Active Versus Passive: A Quick Guide For Investors

Alfie Reynolds

Alfie Reynolds  -  12th January 2024

Dive in to uncover the basics and start thinking about which approach would suit you.

What’s the difference between active and passive investing?

In simple terms, a passive investment strategy is one that aims to match rather than outperform the market – while the goal of an active management is to beat the market.

As the word implies, active investors buy and sell stocks (or other investments) regularly. They – or their portfolio managers – look for high-performing investments, or those that they predict will perform well. When stocks perform disappointingly, they sell them. Active investing requires a hands-on approach as well as expertise. Ultimately, the goal is to leverage short-term price fluctuations to beat the market’s average returns.
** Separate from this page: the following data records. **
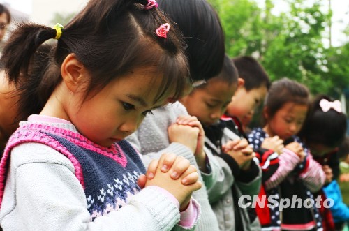 圖:河北小學生為玉樹地震遇難同胞祈禱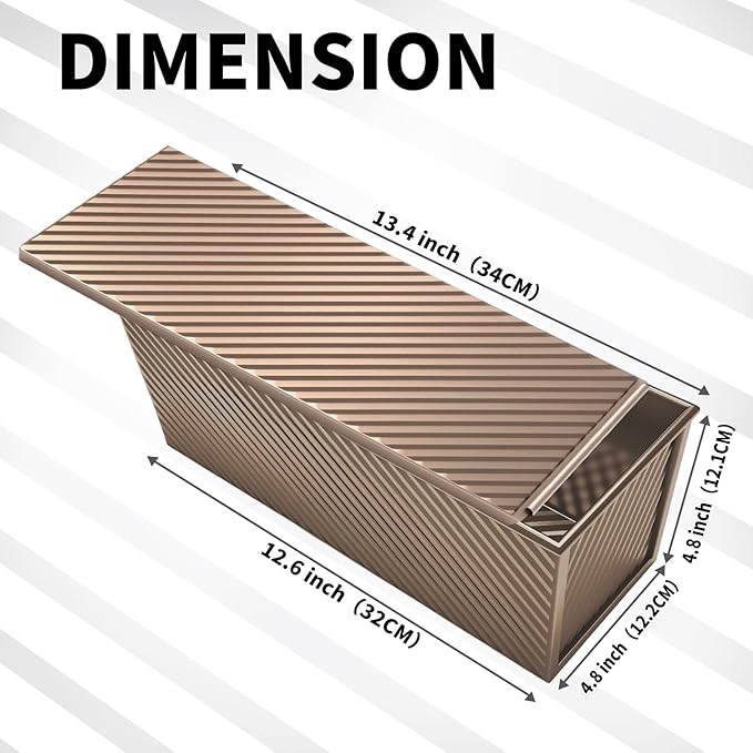 • LARGE SIZE PULLMAN LOAF PAN- The 13"x4" bread pan is made of thicken heavy duty carbon steel, thickened by 0.5 mm, with ventilation holes at the bottom to facilitate air circulation, so that the baking is even and crispy inside and outside, and the material enhances corrosion resistance, superior thermal conductivity, easy maintenance and durability.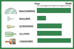 A versatile wood that is easy to machine, plane, turn, glue and bore. It dries easily with minimal movement in performance and has little tendency to split when nailed. It takes and holds paint, enamel and stain exceptionally well.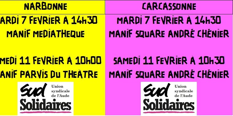 Manifestations à Narbonne et Carcassonne les 7 et 11 février

In contrast, passive investors don’t do so much buying or selling. Instead, they hold investments – often indexed or other mutual funds – for longer periods, making this approach suitable for those with a long-term time horizon for growth. By limiting buying and selling, you’re minimising fees, so this is a cost-effective choice. Remember though, passive investing doesn’t give you the opportunity to react to or predict the stock market.

What are the pros and cons of active investing?

Pros of an active approachCons of an active approach
Flexibility
As you’re not tied to a particular index, your active manager can buy stocks with the potential to win big – as well as those that align with your views
Costs
Fees are much higher with an active strategy – not just due to transaction costs, but because you’ll have to pay for analysis and resources
Managing risk effectively
You have the freedom to exit stocks or even sectors if the risks get too big – and hedge your bets with various techniques
Potential for human error
Fund managers are human – with an active strategy, you risk investing in an underperforming fund
Minimising tax liabilities
With a bespoke tax management strategy – for example, selling investments to offset taxes on big winners – you could experience tax advantages (though you may have to pay capital gains)
Over dependency on one person
Unlike with a passive approach, an active strategy relies on the skills of one individual – if they move on, their replacement may not be as talented

What are the pros and cons of passive investing?

Pros of a passive approachCons of a passive approach
Predictability
It’s unlikely that a passive fund will underperform the market index by a significant margin, so you know what you’re getting
Limited
You’re locked into your specific index or set of investments, regardless of market shifts
Low fees
Management fees tend to be significantly lower as passive funds follow the index they use and don’t require analysis
Small returns
Unlike with active investing, it’s highly unlikely that your passive investments will outperform the market
Tax efficiency
With a buy-and-hold strategy, you won’t generally have much to pay in capital gains tax
Lack of choice
There isn’t much scope for a strategy that encompasses your specific beliefs or preferences, and you’re generally tied to your fund manager’s choices

What’s the best approach for you?

Ultimately, it depends on your goals and your attitude to risk – something your wealth manager or financial advisor will discuss with you. But it’s important to remember that the two options aren’t mutually exclusive. Often, the most successful strategies blend passive and active strands to diversify your portfolio and manage risk. You might want the freedom to choose specific stocks, for example, while still maintaining investments in funds.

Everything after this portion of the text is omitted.